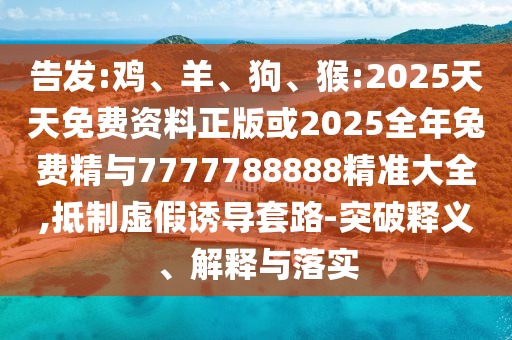 關于關鍵詞“告發”、“雞、羊、狗、猴”、“2025天天免費資料正版”、“2025全年兔費精”與“7777788888精準大全突破”的釋義、解釋與落實,以及抵制虛假誘導套路的警示
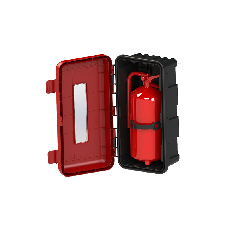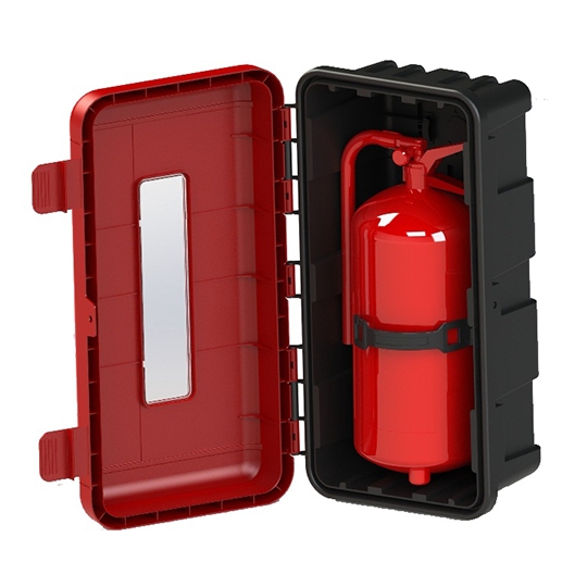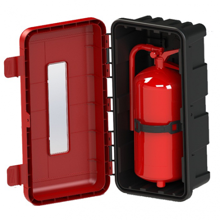 Szafka na gaśnice proszkową 6 kg / 9 kg wykonana z wysokoudarowego polietylenu odpornego na temperaturę. Przeznaczona do transportu ADR - stosowana do ciężarówek, maszyn drogowych, ciągnikach, kombajnach i innym maszynach. Nadaje się doskonale na stacje paliw i do magazynu. Skrzynia szczelna, lekka, wytrzymała, odporna na korozję, nie iskrząca, może być stosowana poziomo i pionowo, okienko wykonane z PCV.
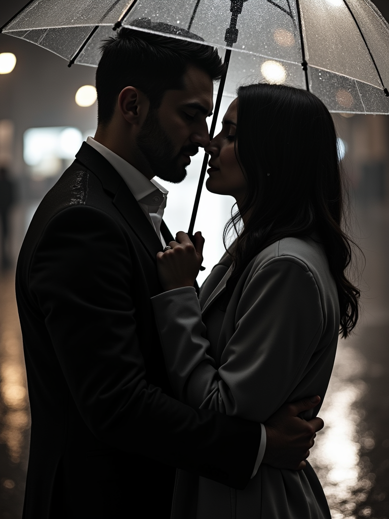 Dramatic engagement shoot in the rain. Wearing a sharp trench coat and suit . Holding an umbrella, deep romantic gazes, moody lighting.
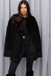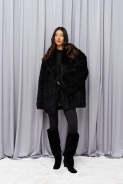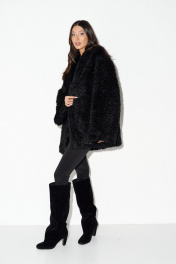 Полупальто прямого кроя, выполнено из фактурного мехового полотна черного цвета. Характеристики: прямой крой, стеганая подкладка на синтипоне, воротник отложной, застёжка центральная крючки, рукав вточной свободного кроя, в боковых швах карманы. Длина по спинке 78 см, длина рукава от края горловины 78см.
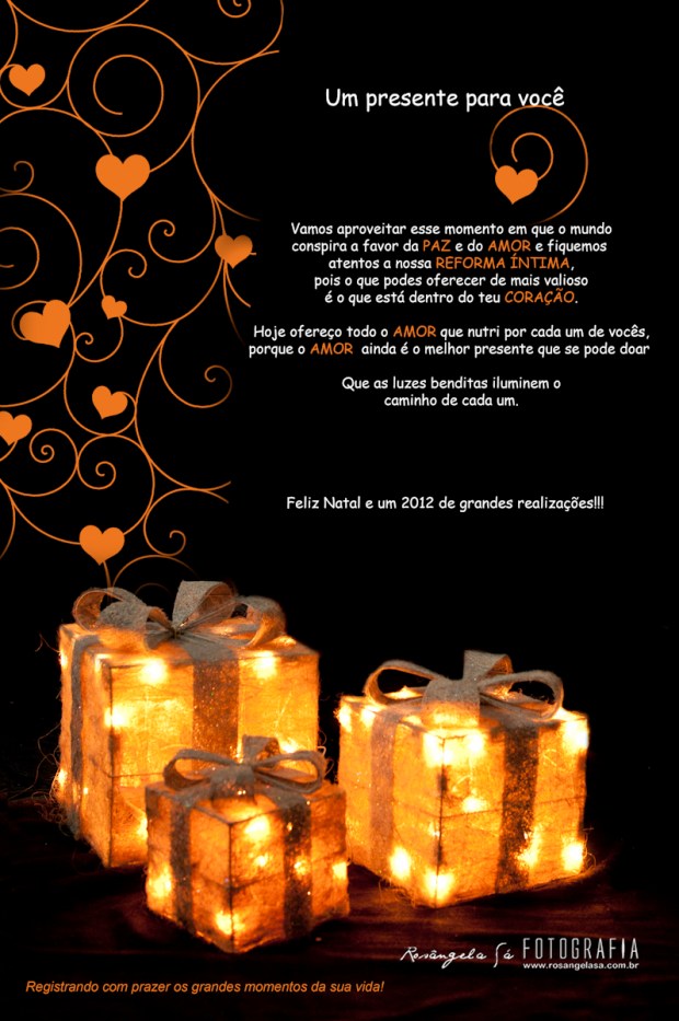Esse foi um ano espetacular na minha vida.Tive várias dificuldades que só me ajudaram a crescer e esse crescimento devo a cada um que acompanha o meu trabalho, nutrindo-me de comentários que são combustível para esse crescimento. Registrei lindas histórias e tive o prazer de conhecer pessoas maravilhosas, positivas.
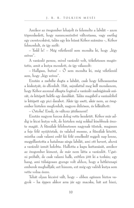 A nagy mesélő most újabb kalandokra hívja olvasóit. A Kóborló és a varázsló című írásban egy kiskutyának varázslók és hableányok közt kell megállnia a helyét, miközben az élete nemegyszer veszélyben forog. A Göncz Árpád tolmácsolásában megszólaló A sonkádi Egyed gazda mese egy távoli és varázslatos múltból, amelyben megismerhetjük a kissé lomha, ámde bátor Egyed gazdát, aki megfutamít egy óriást, majd az országra törő sárkányt is. Egyszerű ember a woottoni kovácsmester, mégis Tündérországba jut, a filozofikus hangvételű A levél című történetben pedig Niggle, a festő veszi a nyakába a világot, hogy megtalálja és lefesse a tökéletes fát. Egytől-egyig sziporkázó írások, és talán az sem véletlen, ha bájtalanított hétköznapjaink alakjaira és helyzeteire emlékeztetnek bennünket.
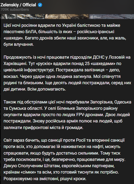 Президент Владимир Зеленский же сегодня утром, комментируя новые удары по Украине, призвал к санкциям и усилению давления в отношении покупателей российской нефти. То есть, Индии и Китая.

Try it. In your copy of the material, match every word exactly and include no pictures.

Written solution.
 關于關鍵詞“告發”、“雞、羊、狗、猴”、“2025天天免費資料正版”、“2025全年兔費精”與“7777788888精準大全突破”的釋義、解釋與落實,以及抵制虛假誘導套路的警示
 Szafka na gaśnice proszkową 6 kg / 9 kg wykonana z wysokoudarowego polietylenu odpornego na temperaturę. Przeznaczona do transportu ADR - stosowana do ciężarówek, maszyn drogowych, ciągnikach, kombajnach i innym maszynach. Nadaje się doskonale na stacje paliw i do magazynu. Skrzynia szczelna, lekka, wytrzymała, odporna na korozję, nie iskrząca, może być stosowana poziomo i pionowo, okienko wykonane z PCV.
 Dramatic engagement shoot in the rain. Wearing a sharp trench coat and suit . Holding an umbrella, deep romantic gazes, moody lighting.
 Полупальто прямого кроя, выполнено из фактурного мехового полотна черного цвета. Характеристики: прямой крой, стеганая подкладка на синтипоне, воротник отложной, застёжка центральная крючки, рукав вточной свободного кроя, в боковых швах карманы. Длина по спинке 78 см, длина рукава от края горловины 78см.
Esse foi um ano espetacular na minha vida.Tive várias dificuldades que só me ajudaram a crescer e esse crescimento devo a cada um que acompanha o meu trabalho, nutrindo-me de comentários que são combustível para esse crescimento. Registrei lindas histórias e tive o prazer de conhecer pessoas maravilhosas, positivas.
 A nagy mesélő most újabb kalandokra hívja olvasóit. A Kóborló és a varázsló című írásban egy kiskutyának varázslók és hableányok közt kell megállnia a helyét, miközben az élete nemegyszer veszélyben forog. A Göncz Árpád tolmácsolásában megszólaló A sonkádi Egyed gazda mese egy távoli és varázslatos múltból, amelyben megismerhetjük a kissé lomha, ámde bátor Egyed gazdát, aki megfutamít egy óriást, majd az országra törő sárkányt is. Egyszerű ember a woottoni kovácsmester, mégis Tündérországba jut, a filozofikus hangvételű A levél című történetben pedig Niggle, a festő veszi a nyakába a világot, hogy megtalálja és lefesse a tökéletes fát. Egytől-egyig sziporkázó írások, és talán az sem véletlen, ha bájtalanított hétköznapjaink alakjaira és helyzeteire emlékeztetnek bennünket.
 Президент Владимир Зеленский же сегодня утром, комментируя новые удары по Украине, призвал к санкциям и усилению давления в отношении покупателей российской нефти. То есть, Индии и Китая.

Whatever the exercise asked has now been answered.